The main package modules:

| Module | What it does |
|---|---|
| `config.py` | Loads board JSON configs and role mappings |
| `data.py` | Reads from the SQLite board databases |
| `tokenization.py` | Converts frames strings to/from token sequences |
| `datasets.py` | PyTorch dataset adapters for training |
| `models.py` | Transformer encoder (grade predictor) and GPT (generator) |
| `generation.py` | Sampling, validity checks, frames reconstruction |
| `inference.py` | Model loading and inference helpers used by the webapp and demos |
| `evaluation.py` | Validity, novelty, and grade-consistency metrics |
| `visualization.py` | Board image overlays |
| `grades.py`, `metrics.py`, `utils.py` | Grade mapping, reporting helpers |

---

## Important caveats

- **Generated routes are machine-made candidates.** Always inspect them before climbing. They are not guaranteed to be safe, fun, or even physically possible.
- **Grade predictions are estimates, not ground truth.** Climbing grades are subjective, board-style-dependent, and noisy even in the training data.
- **The hold sequence is a canonical ordering, not intended beta.** The model sorts holds by role and position; this is not necessarily the order you would climb them.
- **This is a research/hobby project**, not affiliated with Tension Climbing or Kilter/Setter Closet.

---

## Background and related work

This repo is the transformer/GPT follow-up to two earlier analysis projects:
- [Tension-Board-2-Analysis](https://github.com/psark007/Tension-Board-2-Analysis)
- [Kilter-Board-Analysis](https://github.com/psark007/Kilter-Board-Analysis)

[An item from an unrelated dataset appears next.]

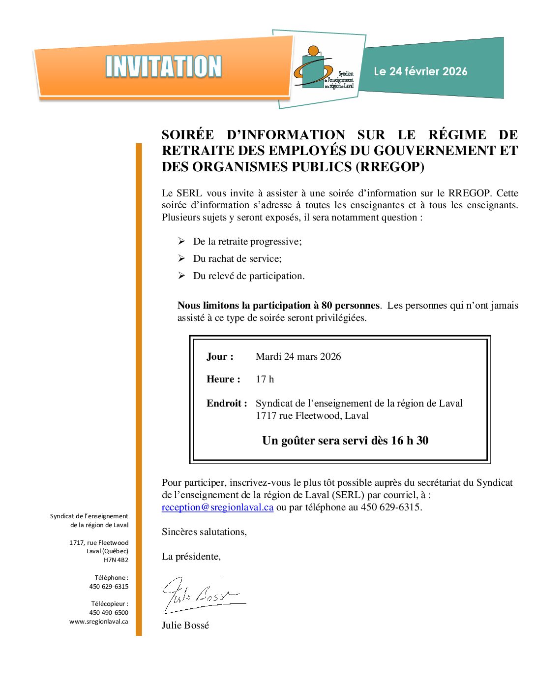 Le SERL vous invite à assister à une soirée d’information sur le RREGOP. Cette soirée d’information s’adresse à toutes les enseignantes et à tous les enseignants. Plusieurs sujets y seront exposés, (...) Voir l'invitation officielle ICI.
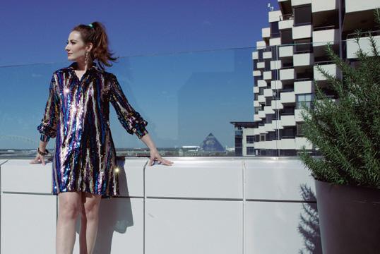 Dress and earrings from The Pink Door Shoes from Joseph in Laurelwood

The route generator architecture is inspired by Andrej Karpathy's [nanoGPT](https://github.com/karpathy/nanoGPT).

Board layouts, hold metadata, and route data are from the [Tension Board 2](https://tensionclimbing.com/products/tension-board-2) and [Kilter Board](https://settercloset.com/collections/kilter-board) apps, loaded via [`BoardLib`](https://github.com/lemeryfertitta/BoardLib). This project is unaffiliated with Tension Climbing or Kilter.

---

## License

MIT — see [LICENSE](LICENSE). Educational use.